Supplied information: Begin
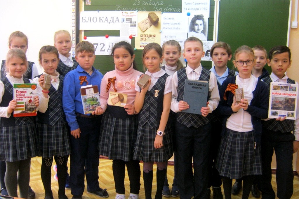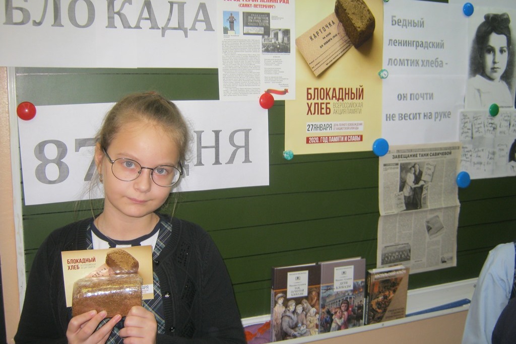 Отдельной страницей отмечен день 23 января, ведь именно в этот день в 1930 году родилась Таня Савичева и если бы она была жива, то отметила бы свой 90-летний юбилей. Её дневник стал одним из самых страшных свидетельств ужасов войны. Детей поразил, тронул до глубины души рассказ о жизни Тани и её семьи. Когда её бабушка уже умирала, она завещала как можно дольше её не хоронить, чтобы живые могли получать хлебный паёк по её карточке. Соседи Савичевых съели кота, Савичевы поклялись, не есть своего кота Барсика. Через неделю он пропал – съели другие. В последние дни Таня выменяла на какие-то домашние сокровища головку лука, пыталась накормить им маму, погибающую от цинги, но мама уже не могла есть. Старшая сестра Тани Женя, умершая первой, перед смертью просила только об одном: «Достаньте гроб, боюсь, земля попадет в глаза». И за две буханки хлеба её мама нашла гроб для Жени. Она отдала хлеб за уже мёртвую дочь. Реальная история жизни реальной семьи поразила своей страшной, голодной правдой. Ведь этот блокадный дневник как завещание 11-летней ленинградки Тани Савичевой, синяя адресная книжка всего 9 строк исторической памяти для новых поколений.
Supplied information: End
Supplied information: Begin
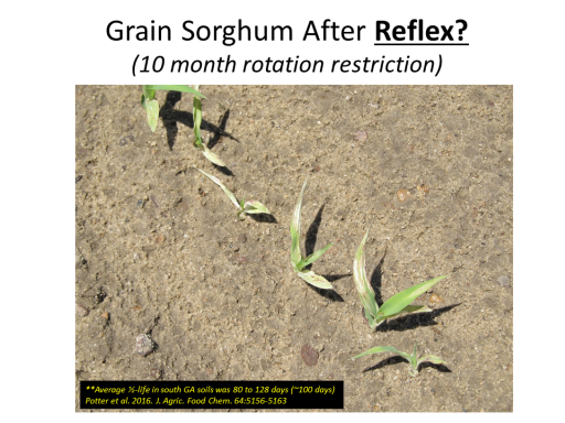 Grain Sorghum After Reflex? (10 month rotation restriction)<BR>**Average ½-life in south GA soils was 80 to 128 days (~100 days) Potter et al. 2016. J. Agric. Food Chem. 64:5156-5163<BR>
Supplied information: End
Supplied information: Begin
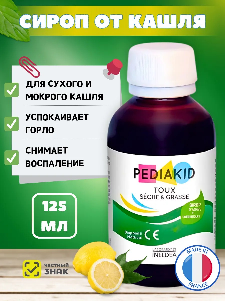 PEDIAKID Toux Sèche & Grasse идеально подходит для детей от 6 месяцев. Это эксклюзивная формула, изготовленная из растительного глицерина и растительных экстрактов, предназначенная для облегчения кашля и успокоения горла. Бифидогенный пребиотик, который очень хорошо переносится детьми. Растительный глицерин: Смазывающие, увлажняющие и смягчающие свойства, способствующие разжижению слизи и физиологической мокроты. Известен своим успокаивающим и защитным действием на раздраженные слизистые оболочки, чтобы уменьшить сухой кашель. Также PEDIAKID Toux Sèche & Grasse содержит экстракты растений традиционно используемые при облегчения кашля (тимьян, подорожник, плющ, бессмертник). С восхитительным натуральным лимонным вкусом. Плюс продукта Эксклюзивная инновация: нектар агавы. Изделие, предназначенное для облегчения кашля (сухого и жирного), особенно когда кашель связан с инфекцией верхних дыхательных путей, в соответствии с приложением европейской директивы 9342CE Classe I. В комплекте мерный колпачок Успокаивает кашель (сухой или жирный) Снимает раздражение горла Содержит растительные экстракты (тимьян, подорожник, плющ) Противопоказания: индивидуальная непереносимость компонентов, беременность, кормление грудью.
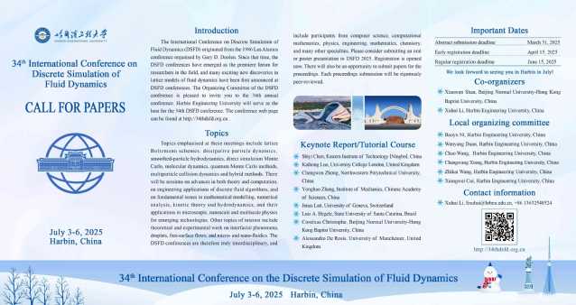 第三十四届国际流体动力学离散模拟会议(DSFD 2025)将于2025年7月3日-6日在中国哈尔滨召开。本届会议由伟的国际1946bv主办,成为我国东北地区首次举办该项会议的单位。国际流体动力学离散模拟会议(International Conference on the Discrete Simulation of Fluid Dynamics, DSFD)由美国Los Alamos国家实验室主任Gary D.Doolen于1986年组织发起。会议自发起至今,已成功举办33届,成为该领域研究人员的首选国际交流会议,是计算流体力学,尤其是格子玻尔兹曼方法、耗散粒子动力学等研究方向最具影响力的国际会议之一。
Supplied information: End
Only the lines starting at the one with "PEDIAKID Toux Sèche & Grasse идеально" and ending at the one with "Conference on the" should be printed, each exactly as it appears in the material above; the pictures are to be omitted.

 PEDIAKID Toux Sèche & Grasse идеально подходит для детей от 6 месяцев. Это эксклюзивная формула, изготовленная из растительного глицерина и растительных экстрактов, предназначенная для облегчения кашля и успокоения горла. Бифидогенный пребиотик, который очень хорошо переносится детьми. Растительный глицерин: Смазывающие, увлажняющие и смягчающие свойства, способствующие разжижению слизи и физиологической мокроты. Известен своим успокаивающим и защитным действием на раздраженные слизистые оболочки, чтобы уменьшить сухой кашель. Также PEDIAKID Toux Sèche & Grasse содержит экстракты растений традиционно используемые при облегчения кашля (тимьян, подорожник, плющ, бессмертник). С восхитительным натуральным лимонным вкусом. Плюс продукта Эксклюзивная инновация: нектар агавы. Изделие, предназначенное для облегчения кашля (сухого и жирного), особенно когда кашель связан с инфекцией верхних дыхательных путей, в соответствии с приложением европейской директивы 9342CE Classe I. В комплекте мерный колпачок Успокаивает кашель (сухой или жирный) Снимает раздражение горла Содержит растительные экстракты (тимьян, подорожник, плющ) Противопоказания: индивидуальная непереносимость компонентов, беременность, кормление грудью.
 第三十四届国际流体动力学离散模拟会议(DSFD 2025)将于2025年7月3日-6日在中国哈尔滨召开。本届会议由伟的国际1946bv主办,成为我国东北地区首次举办该项会议的单位。国际流体动力学离散模拟会议(International Conference on the Discrete Simulation of Fluid Dynamics, DSFD)由美国Los Alamos国家实验室主任Gary D.Doolen于1986年组织发起。会议自发起至今,已成功举办33届,成为该领域研究人员的首选国际交流会议,是计算流体力学,尤其是格子玻尔兹曼方法、耗散粒子动力学等研究方向最具影响力的国际会议之一。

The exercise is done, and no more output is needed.